NewsLukashenko warns of 'third world war' amidst rising global tensions and misinformation

Lukashenko warns of 'third world war' amidst rising global tensions and misinformation

Aleksandr Lukashenko
Aleksandr Lukashenko
Images source: © Getty Images
6:18 AM EST, February 20, 2024

Many reports circulated by Russian and Belarusian media and government officials may be considerably distorted. Such misinformation could be components of an information war instigated by the Russian Federation and Belarus.

Lukashenko spoke on Tuesday, February 20, at a conference with senior members of the national security agency in Minsk.

At one point, he highlighted the intense global conditions. In Europe, following Russia's attack on Ukraine almost two years ago, the largest conflict since World War II persists. Recent events, like Donald Trump's remarks about NATO member states and the demise of Russian opposition leader Alexei Navalny, have further escalated these tensions.

"No nation has felt completely safe in recent decades." Military power has re-emerged as the principal tool for global centers resolving issues. "It's as if the millions of victims and the horrors of the first and second world wars were forgotten," lamented the dictator, a supporter of Vladimir Putin's regime since Russia initiated its assault on Ukraine.

"We are currently overwhelmed by a surge of information," warning about the potential onset of a third world war. "There are valid reasons for worry," Lukashenko stressed, cited by the propaganda-driven Belarusian Telegraph Agency.

Lukashenko's remark was made just a few days before Belarus's parliamentary elections, slated to occur on February 25. The day before marks the second anniversary of Russia's incursion into Ukraine.

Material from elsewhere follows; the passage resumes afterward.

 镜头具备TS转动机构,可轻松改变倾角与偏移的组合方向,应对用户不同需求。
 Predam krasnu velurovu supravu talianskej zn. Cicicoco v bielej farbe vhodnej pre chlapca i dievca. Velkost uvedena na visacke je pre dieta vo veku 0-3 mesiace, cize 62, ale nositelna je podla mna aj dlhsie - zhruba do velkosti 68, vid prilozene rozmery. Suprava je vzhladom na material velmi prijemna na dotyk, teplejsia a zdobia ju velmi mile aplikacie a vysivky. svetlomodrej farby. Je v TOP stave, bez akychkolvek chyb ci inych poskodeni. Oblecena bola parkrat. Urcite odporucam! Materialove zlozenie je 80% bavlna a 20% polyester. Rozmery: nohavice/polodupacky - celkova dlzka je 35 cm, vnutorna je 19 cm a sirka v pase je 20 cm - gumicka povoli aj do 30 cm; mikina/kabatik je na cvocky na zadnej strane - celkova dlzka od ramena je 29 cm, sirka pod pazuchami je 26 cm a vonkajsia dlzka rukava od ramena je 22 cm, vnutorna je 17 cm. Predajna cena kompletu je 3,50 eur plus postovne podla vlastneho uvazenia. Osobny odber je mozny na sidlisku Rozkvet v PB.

Europe alarmed by Donald Trump's comments

The former US president, Donald Trump, declared earlier this month that he would "encourage" Russia to do "whatever it wants" with those countries that "do not pay," meaning those who allocate less than 2% of GDP to defense. "I wouldn't defend such a country," he said.

Trump's declaration and his potential to return to the American presidency following the November elections have created unease in Europe. Jens Stoltenberg, the NATO Secretary-General, stated, "Any conjecture that we will not defend each other, that we will not protect ourselves, compromises our collective security and augments risk."

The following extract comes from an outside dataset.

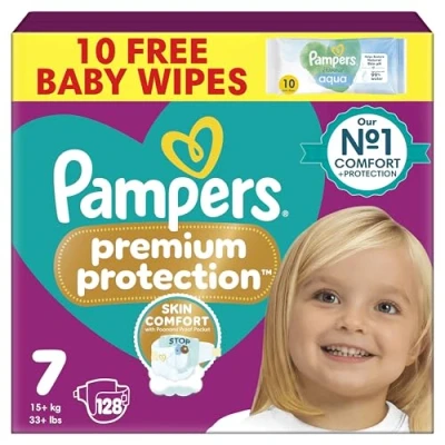 Pampers Premium Protection Size 7, 128 Nappies, 15kg+, Double for Skin and Against leaks
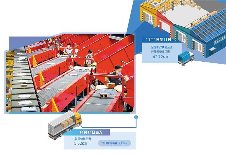 “双11”的快递都收到了吗?国家邮政局监测数据显示,11月1日至11日,全国邮政快递企业共处理快递包裹42.72亿件,日均处理量是日常业务量的1.3倍。其中,11月11日当天共处理快递包裹5.52亿件,是日常业务量的1.8倍。

Stoltenberg also told Reuters during an interview that "the European Union is not capable of defending Europe independently."

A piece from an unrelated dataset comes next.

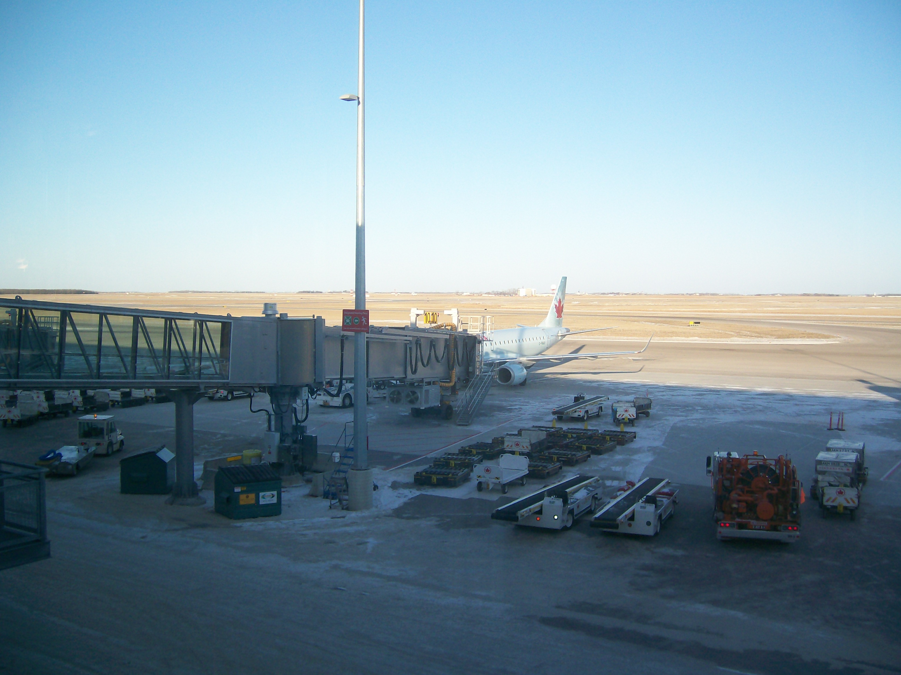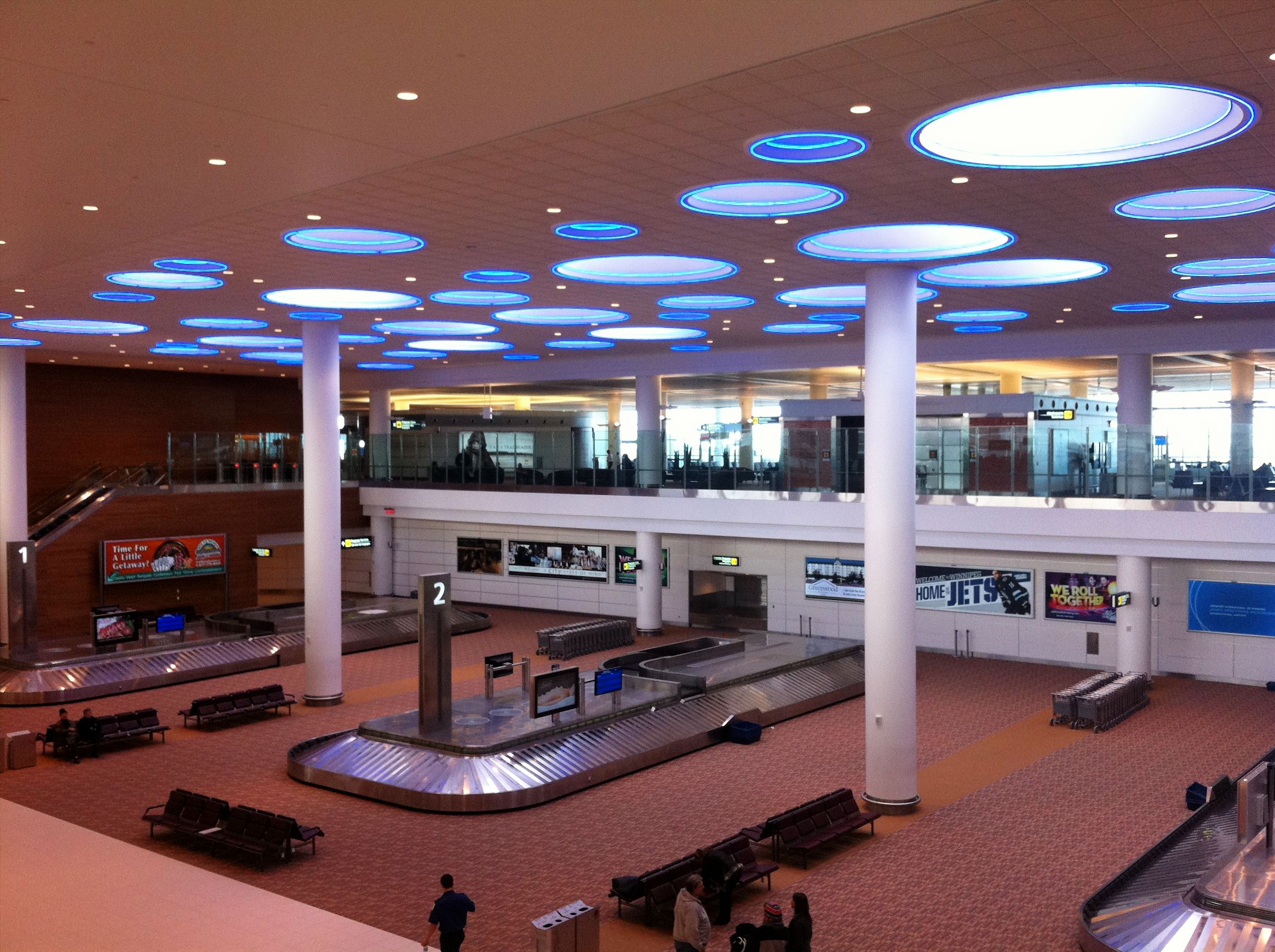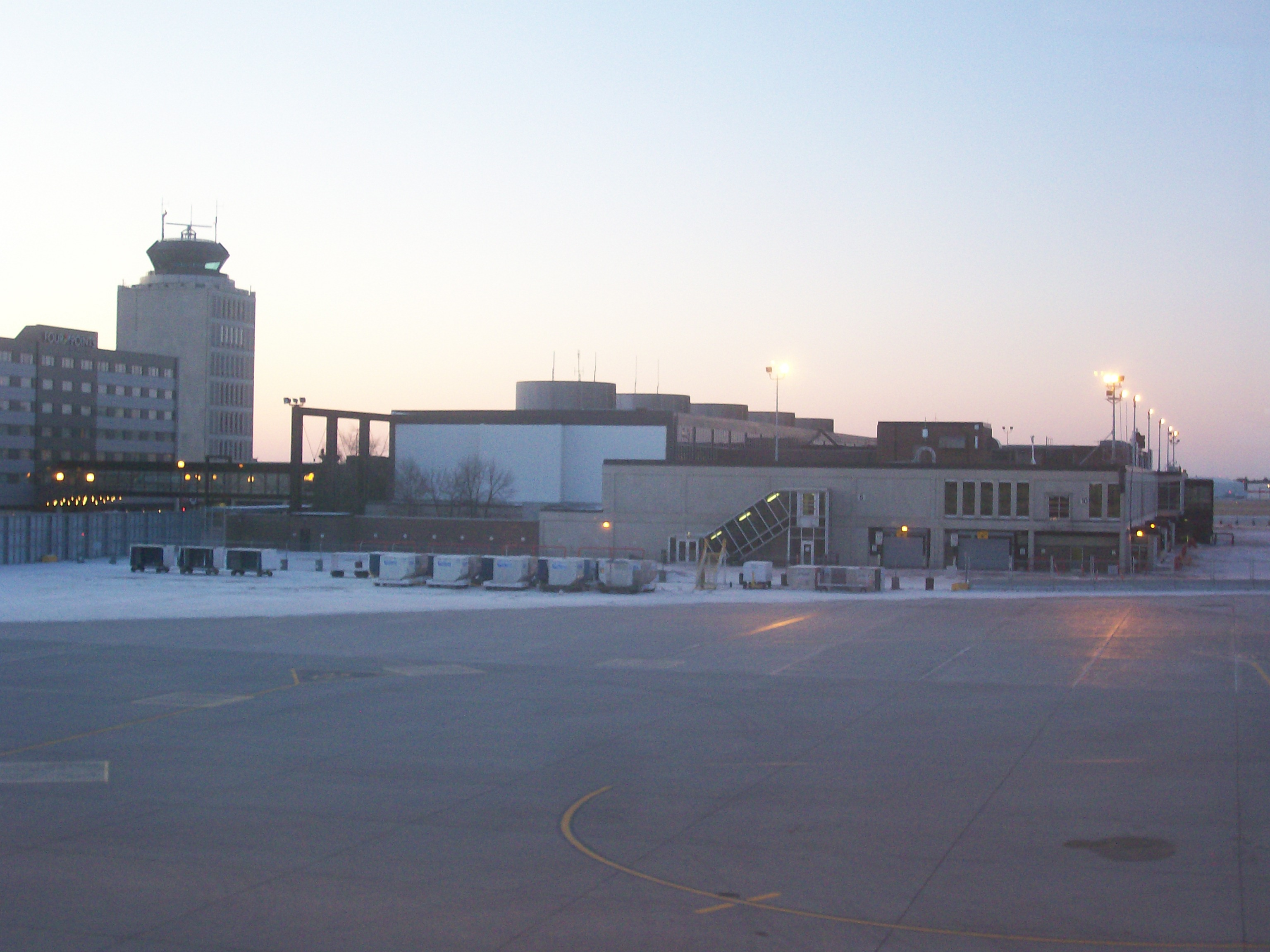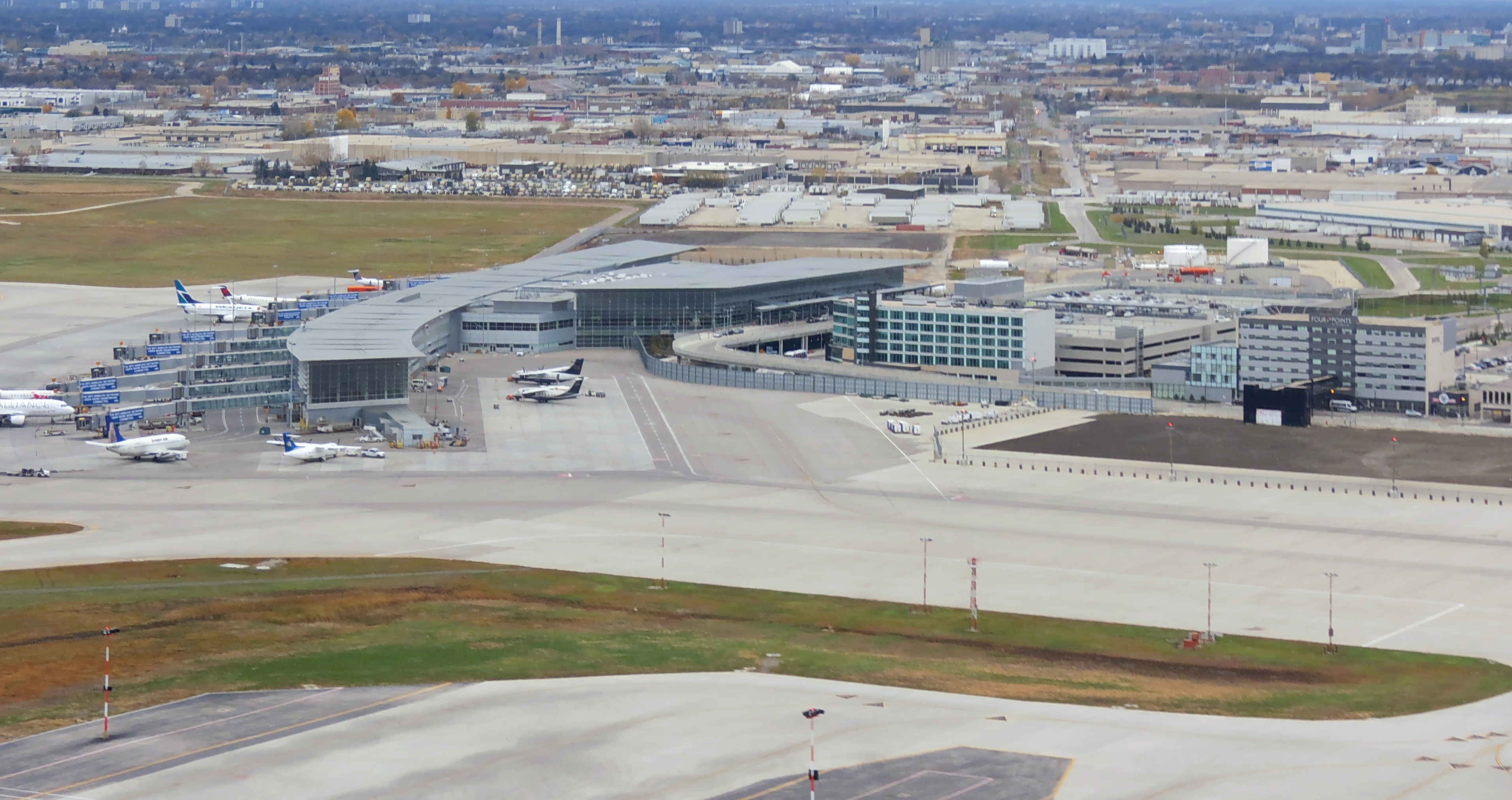 HistoryThe airport opened in 1928 as Stevenson Aerodrome in honour of the noted Manitoba aviator and pioneer bush pilot, Captain Fred J. Stevenson. Stevenson Aerodrome, also known as Stevenson Field, was Canada's first international airport with Northwest airways (which became Northwest Airlines) inaugurating a passenger and mail service between Winnipeg and Pembina, North Dakota on February 2, 1931. By 1935, Northwest Airlines was operating daily service from the airport with Hamilton H-47 prop aircraft on a routing of Winnipeg - Pembina, ND - Grand Forks, ND - Fargo, ND - Minneapolis/St. Paul, MN - Milwaukee, WI - Chicago, IL. The City of Winnipeg and the Rural Municipality of St. James agreed to develop Stevenson Field as a modern municipal airport in 1936. In 1938 the Manitoba Legislative Assembly passed the St. James-Winnipeg Airport Commission Act creating a commission of the same name with full control over the operation of the airport. In 1940 during the Second World War the Government of Canada placed the airport under the direction of the Minister of Transport and the Royal Canadian Air Force where it remained until 1997. Post WarIn 1962 Stevenson Field was officially renamed Winnipeg International Airport and in 1997 the airport was transferred to the control of the Winnipeg Airports Authority. The airport was briefly served by Scandinavian Airlines during the mid 1950s on the world's first regular Polar route, which linked Copenhagen and Los Angeles with Douglas DC-6B propliner flights via Søndre Strømfjord and Winnipeg. In 1962, Trans-Canada Air Lines (TCA, now Air Canada) was operating weekly nonstop service between Winnipeg and London Heathrow Airport with Douglas DC-8 jetliners. The original main terminal building was built in 1964, and was designed by the architectural firm of Green Blankstein Russell and Associates (subsequently GBR Associates and Stantec Limited). It was expanded and renovated in 1984 by the architectural firm of IKOY, and a hotel was built across from the terminal in 1998. The original main terminal building was closed on Sunday October 30, 2011 and has since been demolished. Two airlines operating jet aircraft in passenger service were previously based at the airport: Transair (Canada) and Greyhound Air. According to its March 18, 1974 timetable, Transair was operating Boeing 737-200 and Fokker F28 Fellowship jets on scheduled flights in Manitoba and also as far west as Yellowknife and as far east as Toronto from its Winnipeg hub in addition to operating charter services from the airport with Boeing 707 jetliners. The August 1, 1996 Greyhound Air timetable lists nonstop domestic flights operated with Boeing 727-200 jetliners from the airport to Calgary, Edmonton, Hamilton, Kelowna, Ottawa, Toronto and Vancouver with Winnipeg serving as a connecting hub for the airline. On December 10, 2006, the Minister of Transport, Lawrence Cannon, announced Winnipeg International Airport was to be renamed Winnipeg James Armstrong Richardson International Airport in honour of the influential businessman and pioneer of Canadian commercial aviation from Winnipeg. FacilitiesMain TerminalWinnipeg's main airport terminal was designed by Pelli Clarke Pelli Architects and Stantec. The terminal's design was inspired by the City of Winnipeg's distinctive landscape and the province of Manitoba's vast prairies and sky. It was the first airport terminal in Canada to be LEED-certified for its environmentally friendly concept, design, construction and operation. The terminal was constructed in two phases, with construction beginning in 2007 and ending on October 30, 2011 when it was officially opened to the public. Prior to the opening of the current main terminal building, a multi-level access road and four-level, 1,559 stall parkade were both opened in November 2006. All airlines serving Winnipeg International Airport operate at the main terminal building, with the exception of Perimeter Aviation. Air Canada operates a Maple Leaf Lounge located in the domestic/international departures area, and a "pay-in" lounge, operated by Plaza Premium Lounge, is also located in the domestic/international departures area. Free WiFi is provided by the Winnipeg Airports Authority throughout the entire main terminal building. Perimeter TerminalPerimeter Aviation is a regional airline that operates its own small, exclusive terminal building at Winnipeg International Airport to facilitate its passenger, cargo and charter services. Perimeter Aviation does not use the main terminal building due to its varied operations to small remote communities throughout Northern Manitoba and Northwestern Ontario using small propeller aircraft, with which regular airport terminal services (jet bridge, catering, etc.) are unnecessary and can actually be a hindrance to day-to-day operations. The Perimeter Aviation terminal building is located 2.6 kilometres (1.6 mi) south of the main terminal building. Other facilitiesA large Canada Post mail processing facility was opened at the airport site on June 4, 2010. The 23,225-square-metre (249,990 sq ft) facility is located east of the main terminal building, just north of Wellington Avenue. Three hotels are located on site, adjacent to the main airport terminal. Richardson International Airport is included in a new 20,000-acre (8,100 ha) dry port created by provincial legislation - CentrePort Canada Act, C.C.S.M. c. C44 - that will offer investment opportunities for distribution centres, warehousing and manufacturing. CentrePort Canada will allow companies to take advantage of the cargo capabilities of Richardson International Airport, as well as serviced land, a mid-continent location and highway and rail transport. On April 14, 2009, Prime Minister Stephen Harper with Premier Gary Doer announced at James Richardson that both the Federal and Provincial governments will contribute $212.5 million towards a divided four-lane expressway called CentrePort Canada Way. It

The war in Ukraine carries on. Russia's casualties

Despite apprehensions, the threat of a global conflict appears distant for now. The Russian military continues its involvement in the war in Ukraine, where it has incurred significant losses.

US intelligence data, declassified in December 2023, reports that 315,000 Russian soldiers have been killed or wounded in the conflict. As Reuters reported in December, this tally constitutes approximately 87 percent of all the Russian military personnel engaged in the conflict.

However, the Russian military has made recent advancements on the front. Invaders captured Avdiivka, a city that Ukraine had defended for almost ten years. Ukrainian troops evacuated the city on Saturday, February 17.